§ SUPPLIED MATERIAL:
______

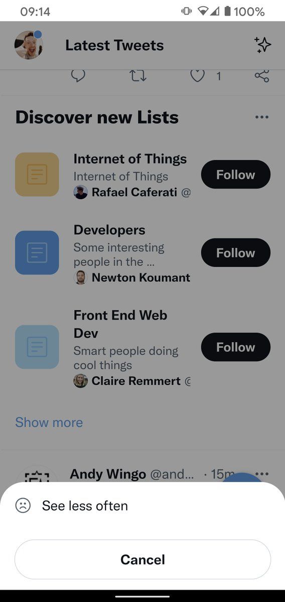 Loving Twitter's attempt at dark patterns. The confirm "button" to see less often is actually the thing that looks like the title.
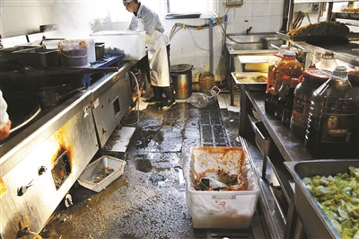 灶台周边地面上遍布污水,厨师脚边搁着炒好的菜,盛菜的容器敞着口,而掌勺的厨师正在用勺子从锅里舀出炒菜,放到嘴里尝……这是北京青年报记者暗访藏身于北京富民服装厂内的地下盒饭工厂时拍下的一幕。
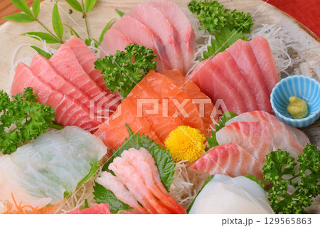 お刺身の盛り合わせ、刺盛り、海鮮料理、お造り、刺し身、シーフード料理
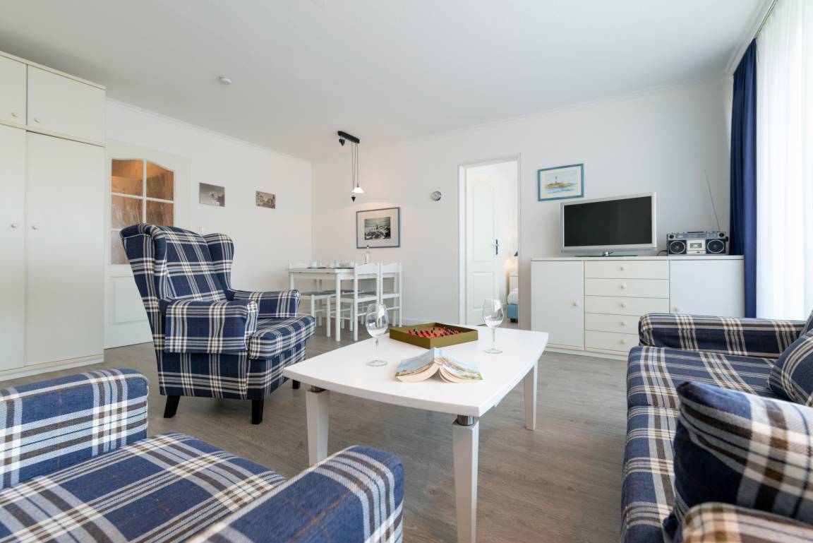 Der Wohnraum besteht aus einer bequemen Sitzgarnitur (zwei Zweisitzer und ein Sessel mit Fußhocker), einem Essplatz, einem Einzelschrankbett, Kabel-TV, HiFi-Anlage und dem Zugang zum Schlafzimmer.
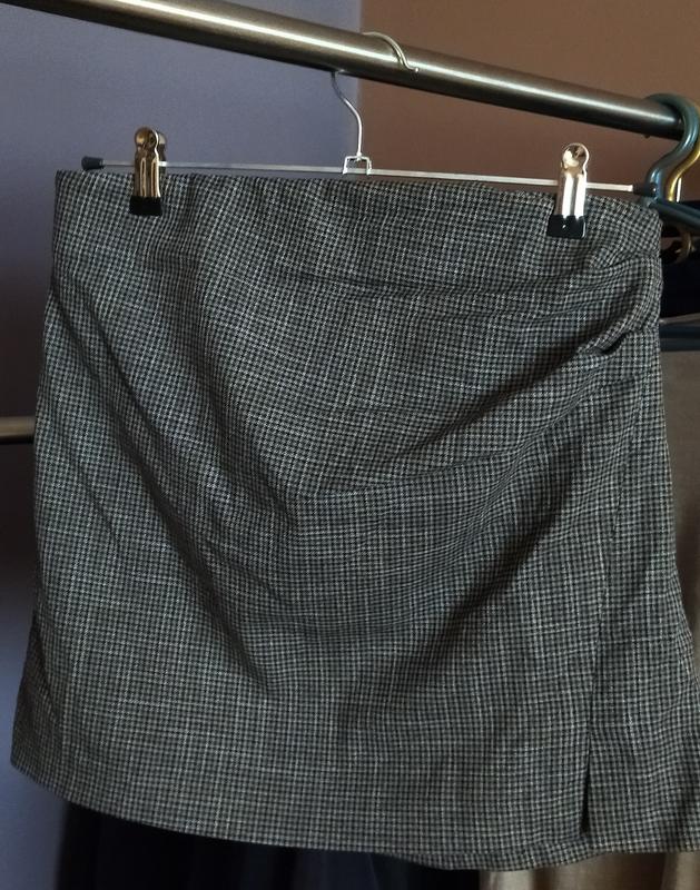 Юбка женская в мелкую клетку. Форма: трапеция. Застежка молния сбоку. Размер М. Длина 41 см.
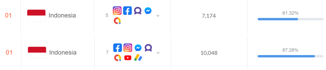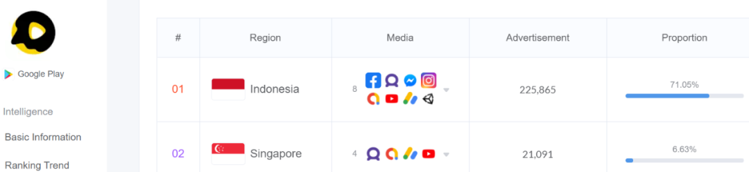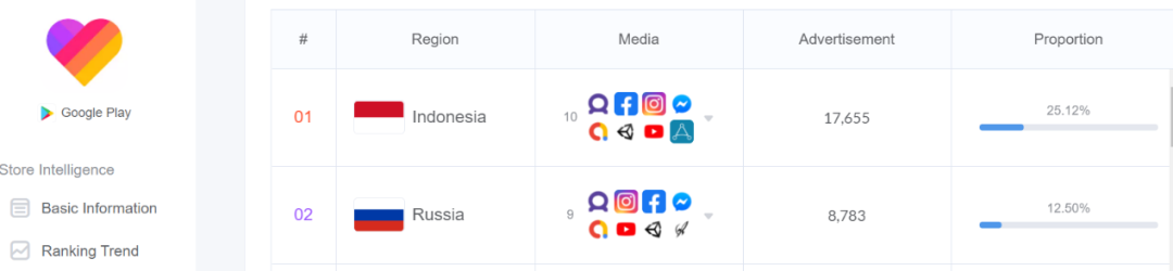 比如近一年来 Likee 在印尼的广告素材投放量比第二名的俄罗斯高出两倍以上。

______

§ TASK DESCRIPTION:
Only the pictures are to be left out; the rest of the material above should be printed verbatim.

§ WRITTEN SOLUTION:
 Loving Twitter's attempt at dark patterns. The confirm "button" to see less often is actually the thing that looks like the title.
 灶台周边地面上遍布污水,厨师脚边搁着炒好的菜,盛菜的容器敞着口,而掌勺的厨师正在用勺子从锅里舀出炒菜,放到嘴里尝……这是北京青年报记者暗访藏身于北京富民服装厂内的地下盒饭工厂时拍下的一幕。
 お刺身の盛り合わせ、刺盛り、海鮮料理、お造り、刺し身、シーフード料理
 Der Wohnraum besteht aus einer bequemen Sitzgarnitur (zwei Zweisitzer und ein Sessel mit Fußhocker), einem Essplatz, einem Einzelschrankbett, Kabel-TV, HiFi-Anlage und dem Zugang zum Schlafzimmer.
 Юбка женская в мелкую клетку. Форма: трапеция. Застежка молния сбоку. Размер М. Длина 41 см.
 比如近一年来 Likee 在印尼的广告素材投放量比第二名的俄罗斯高出两倍以上。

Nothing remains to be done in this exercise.